I laughed. “You’re gonna make fun of me.”
“That’s the point!”
She reached into her backpack and pulled it out. She braced herself as I took the phone from her hand.
She was already embarrassed, and I hadn’t even pressed play yet. “I promise I’ll be good.”
“Give me one side of the headphones,” she said. “I need to hear what you’re listening to.”
Handing her the left earbud, I put the right one in my ear and hit shuffle.
The first song was “Barbie Girl” by Aqua.
“Barbie Girl? Really?”
“Yes. And don’t forget, you promised to be good.”
After letting it play for about thirty seconds, I moved to the next song. As expected, many of the tunes in Heather’s collection were one-hit wonders from well before her time in the late eighties and nineties.
A few songs in, I actually found one of my old favorites: “Sign Your Name” by Terence Trent D’Arby.
“Hey, I like this one. Good choice. Great song!”
The next two in a row seemed to match. “Livin’ La Vida Loca” by Ricky Martin and Gerardo’s “Rico Suave.”

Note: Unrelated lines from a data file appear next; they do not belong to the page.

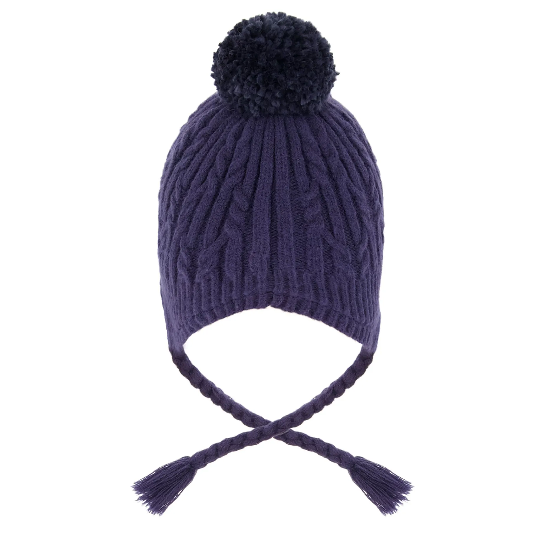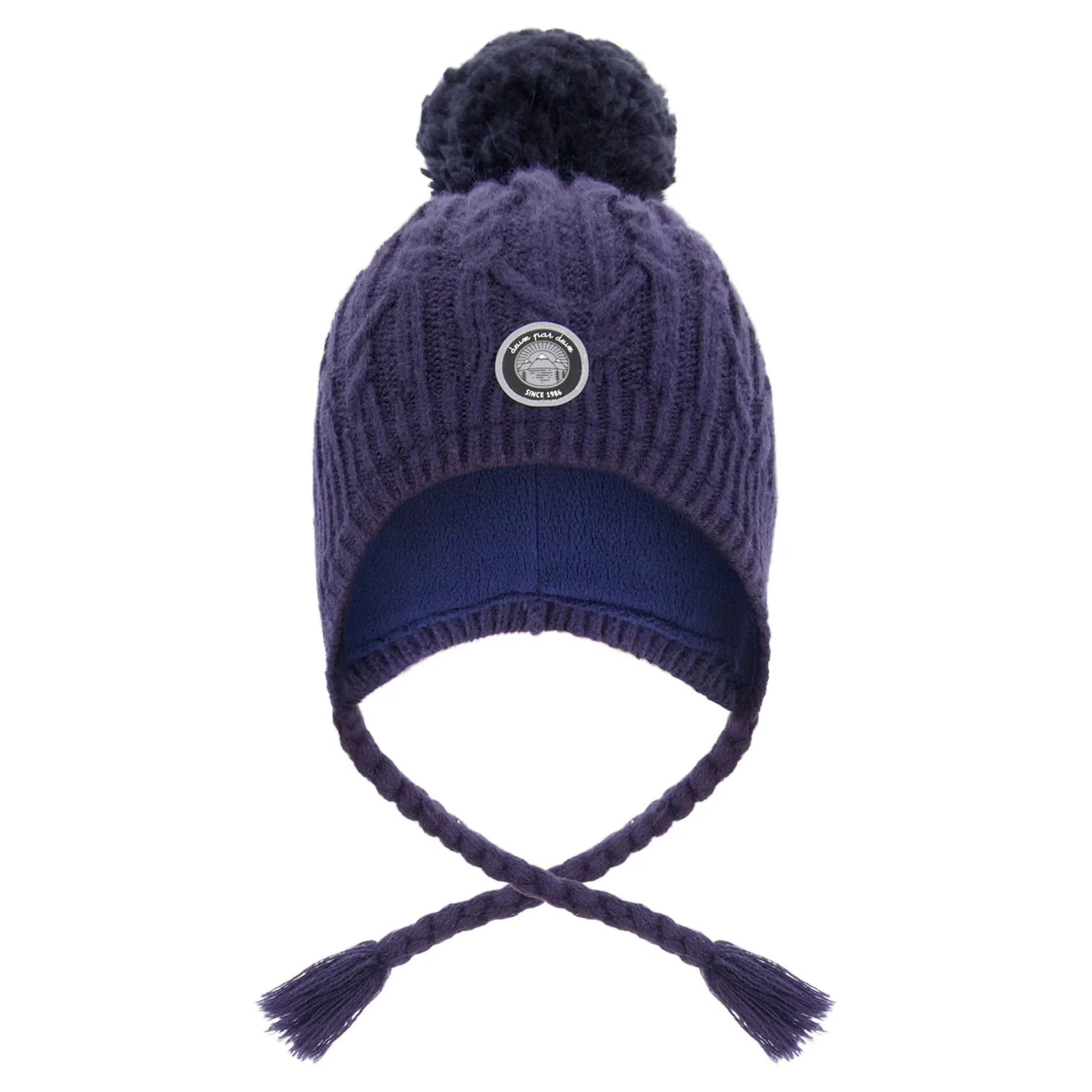 Lined with polar fleece for added warmth, this knit cap in off-white is winter weather-approved. In a Peruvian silhouette with extended side panels that cover and protect the ears, this winter hat features a chunky cable knit texture, braided side tassels, a fluffy pompom, and a logo patch for brand distinction.
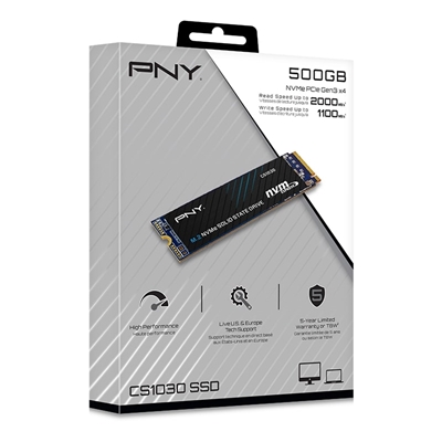 PNY (M280CS1030-500-RB) CS1030 M.2 NVMe 500GB SSD, PCIe Gen3 x4, Sequential Read of up to 2,000 MB/s and Write of up to 1,100 MB/s
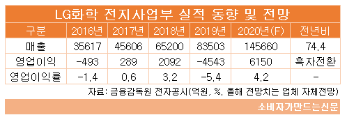 그러나 올해부터는 매출과 수익에서 급격한 성장이 예상된다. LG화학은 올해 전지사업 매출이 지난해 5조 원에서 15조 원으로 증가하고, 영업이익은 3543억 원 적자에서 6000억 원 이상의 흑자를 낼 것으로 자체 전망하고 있다. 전지사업 15조 원 매출 중에 10조 원이 전기차 배터리 매출에서 발생할 것으로 예상한다.
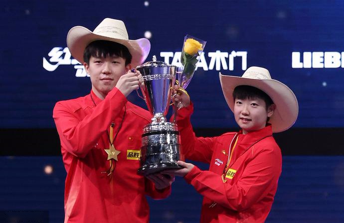 孙颖莎/王楚钦3-0横扫日本的张本智和/早田希娜,配合次数和时间并不久的这对“莎头”组合,拿下本届世乒赛混双冠军。对于第一次配对参加世乒赛混双比赛的两人而言,都具有特殊的意义,孙颖莎指出这枚金牌是他们这对组合的全新开始,而王楚钦对能在搭档如此短的时间内就夺冠,是对他们努力的肯定。
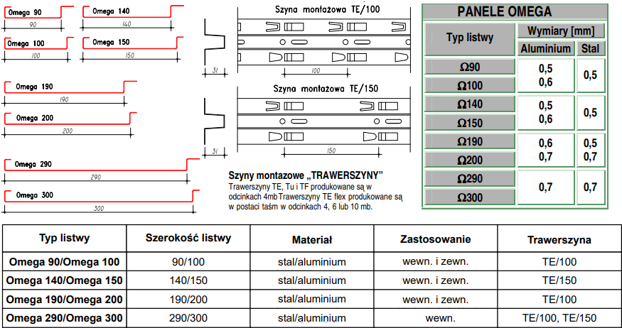 - Listwy dostępne w kolorach: biały, czarny oraz na zamówienie dowolny z palety RAL; listwy stalowe w wykończeniu Poliester Standard.
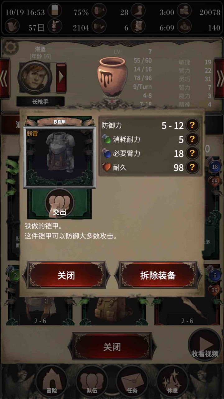 其实是挺基础的功能,可能是因为游戏内没有做成专门的新手帮助,还是有朋友会这在一块提出疑问:“我养了很久队友怎么突然跑了!”其实都是有提示的,大家玩这种沉浸式的奇幻冒险游戏还是要多看,该打听消息就打听,人物描述场景描述都看看,不用老上来就想着砍砍砍。那么性格在哪里查看?首先选择队伍然后点击对应人物的空白处我们可以看到个人面板,在这里可以选择装备,技能。查看职业信息等等,我们选择最右边的介绍好
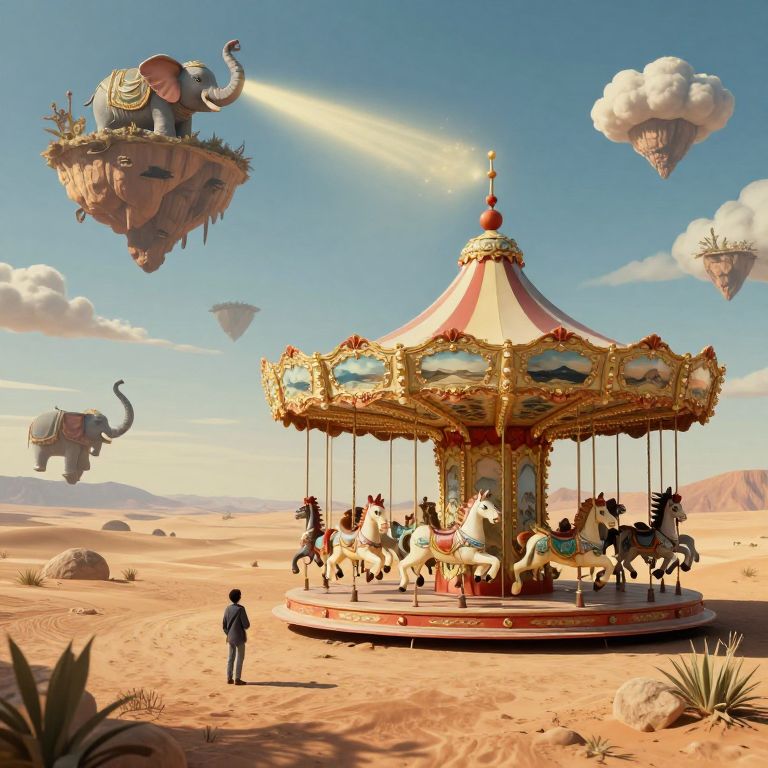 Visualize an otherworldly tableau where Dali-esque surrealism intertwines with Seuss-like whimsy. Envision a viewpoint from a diminutive observer on a fantastical carousel situated in the heart of an interminable desert. This carousel boasts oversized animal mechanisms, such as an elephant's trunk spiraling upwards into a sky brimming with adrift islands and dreamlike clouds. Perched atop one of these islands is a regal mythical creature, its radiant beam casting a spellbinding aura over the scene below. The carousel itself is embellished with intricate, logic-defying decorations that evoke a sense of wonder and curiosity in equal measure, beckoning the viewer on an emotional odyssey through this peculiar yet mesmerizing terrain.

“You have a thing for Latin men?” I teased.
She rolled her eyes, probably just wanting this to be over, and remained quiet as I continued to plow through her library.
Next up was the theme song from Friends, “I’ll Be There For You” by The Rembrandts. That one was tolerable enough to sit through.
I got all excited when I heard the beginning of “Smells Like Teen Spirit.” Fuck yeah! But my hope was squelched when I realized it wasn’t Nirvana at all. It was Weird Al Yankovic: “Smells Like Nirvana.”
“Oh, hell no.” I laughed.
Heather started laughing.
“I’m crying uncle.” I handed her back the phone and tickled her. “You’re lucky I love you.”